Convictions can be overturned thanks to new suspects, DNA evidence and cutting-edge investigative techniques. In Oxygen's new show Final Appeal (premieres Sunday, Jan 7 at 7/6c), exonerated football star Brian Banks and former prosecutor Loni Coombs take a deep dive into wrongful convictions. But some convictions seemed so iron-clad, so believed at the time that no one thought they would be overturned. Here are 5 of the most shocking wrongful convictions.
Central Park Five
The Central Park Five case involves five black and Latino teenagers from Harlem who were convicted of raping and attacking a white, female jogger in 1989. The racially-charged case made headlines, with even future-President Trump weighing in on their guilt. In 2002, a serial rapist confessed to the crime while behind bars and the men were let free. The case has become a marker to highlight problems of racial profiling and coercive interrogation tactics in crimes. In 2014, the City of New York awarded the five men $41 million for wrongfully imprisonment.

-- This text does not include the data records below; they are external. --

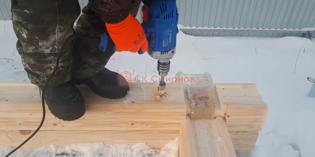 Еще 50% зависит от опыта мастеров. Наши бригады собирают сруб на металлические гвозди с обязательным сверлением в верхнем бруске. Это нужно для того, чтобы брус мог свободно двигаться по гвоздю во время усушки. Ситуации с «зависанием» брусьев не будет, а значит не будет и щелей. Такая технология отнимает у мастеров много времени — да, срок строительства и цена немного выше, чем в других компаниях, однако и качество гораздо выше.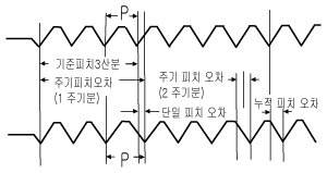 | 제품의 실제의 피치 오차와 규정상의 피치의 차를 말하며 규정보다 클 경우를 정, 작은 경우를 부로 한다. 일반적으로는 1 피치에 대해서 말한다, 그 피치 이상에 대해서 말하기도 한다. 단일피치오차 : 1피치에 대한 피치의 오차 누적피치오차 : 2피치 이상 떨어진 피치의 합계의 피치 오차 절진피치오차 : 단일피치 오차가 정 또는 부가 되는 피치 오차 주기피치오차 : 단일피치 오차가 주기적으로 증감되는 피치 오차 ![]() | |||||||||||||||||||||||||||||||||||||||||||||||||||||||||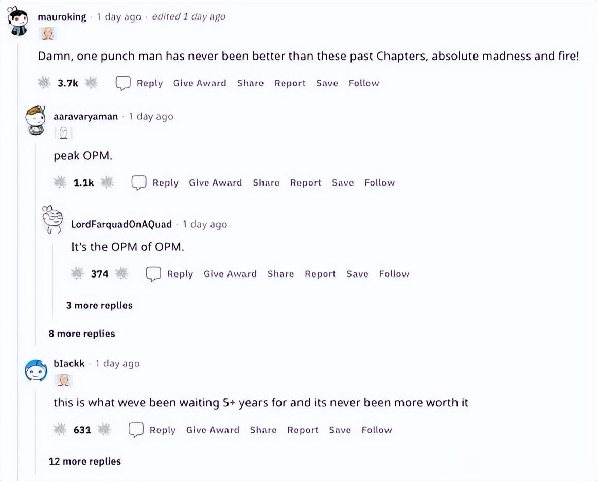 2015年播出的《一拳超人》第一季,在欧美漫画网站票选,就以47%得票率登顶最佳动画。今年更新的211话,虽然在国内评价不佳,但在X上被盛赞“bestchapter”,在Reddit上,一条“一拳超人从来没有像过去这几话这么精彩过!”的评论获得了3700个赞。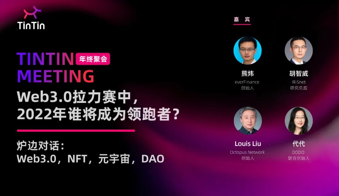 上周,TinTinLand 邀请到了12 个主流公链以及具有代表性的项目,围绕「Web3.0 拉力赛中,2022 年谁将成为领跑者?」话题,一起举办一场盛大的线上直播,在 2022 年 1 月 23 日这天晚上,和大家来一场年终复盘和未来展望。
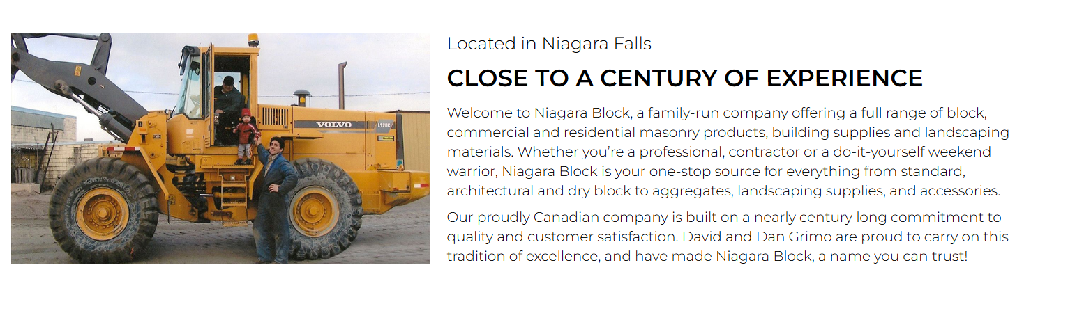 Our proudly Canadian company is built on a nearly century long commitment to quality and customer satisfaction. David and Dan Grimo are proud to carry on this tradition of excellence, and have made Niagara Block, a name you can trust!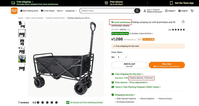根據(jù)Temu的官方說明,平臺(tái)上標(biāo)注“本地倉(cāng)庫(kù)”標(biāo)識(shí)的商品將由此新倉(cāng)庫(kù)發(fā)出。消費(fèi)者購(gòu)買此類商品后,預(yù)計(jì)可在兩天內(nèi)收貨,部分商品甚至可實(shí)現(xiàn)次日達(dá)。此項(xiàng)服務(wù)顯著改變了此前消費(fèi)者購(gòu)買Temu商品通常需要等待數(shù)周的國(guó)際物流時(shí)效。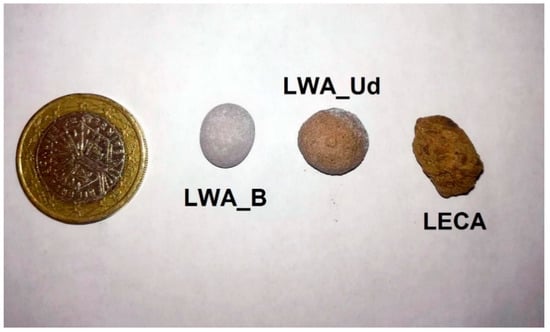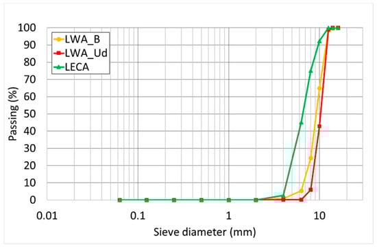 The particle sizes of the experimental aggregates are similar and can be classified as a 4/12.5 mm designation. The LECA grading distribution, even if classified according to the same class, is characterized by the presence of finer particles (Table 6).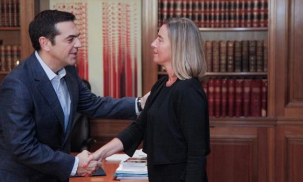 Με την Ύπατη εκπροσώπο της Ε.Ε. για θέματα Εξωτερικής Πολιτικής, Φεντερίκα Μογκερίνι συναντήθηκε στις Βρυξέλλες ο Αλέξης Τσίπρας. Κατά τη συνάντηση αυτή, συζητήθηκαν οι προκλήσεις της Τουρκίας στο Αιγαίο, οι εξελίξεις στην κυπριακή ΑΟΖ και οι ευρωτουρκικές σχέσεις. Επίσης, συζητήθηκε η περιοδεία που θα πραγματοποιήσουν ο πρόεδρος της Κομισιόν, Ζαν Κλοντ Γιούνκερ και η κα. Μογκερίνι στα Δυτικά Βαλκάνια, τις επόμενες ημέρες.

Death row is reserved for the worst offenders. In 1985, Kirk Bloodsworth was convicted of the rape and murder of a nine-year-old girl in Baltimore. Although he looked nothing like the sketch of the suspect, multiple witnesses identified him. He spent almost nine years behind bars and two of them, on death row. Upon release, he wanted to be exonerated. In 2004, Bloodworth was the first death row inmate to be exonerated using DNA evidence. Since then, several death row convictions have been similarly overturned.
There's scenes in films and TV where a death row pardon comes down to the wire. Anthony Porter was 50 hours away from his death, for a 1982 shooting of a Chicago couple, when he was granted a delay to review his mental capacity. That gave Medill School of Journalism Professor David Protess, a private investigator and a team of students time to re-open the case. Another man confessed and Porter was released in 1999. Interestingly, that man's conviction was also vacated after the court found the tactics used by the private investigator and professor were not legal.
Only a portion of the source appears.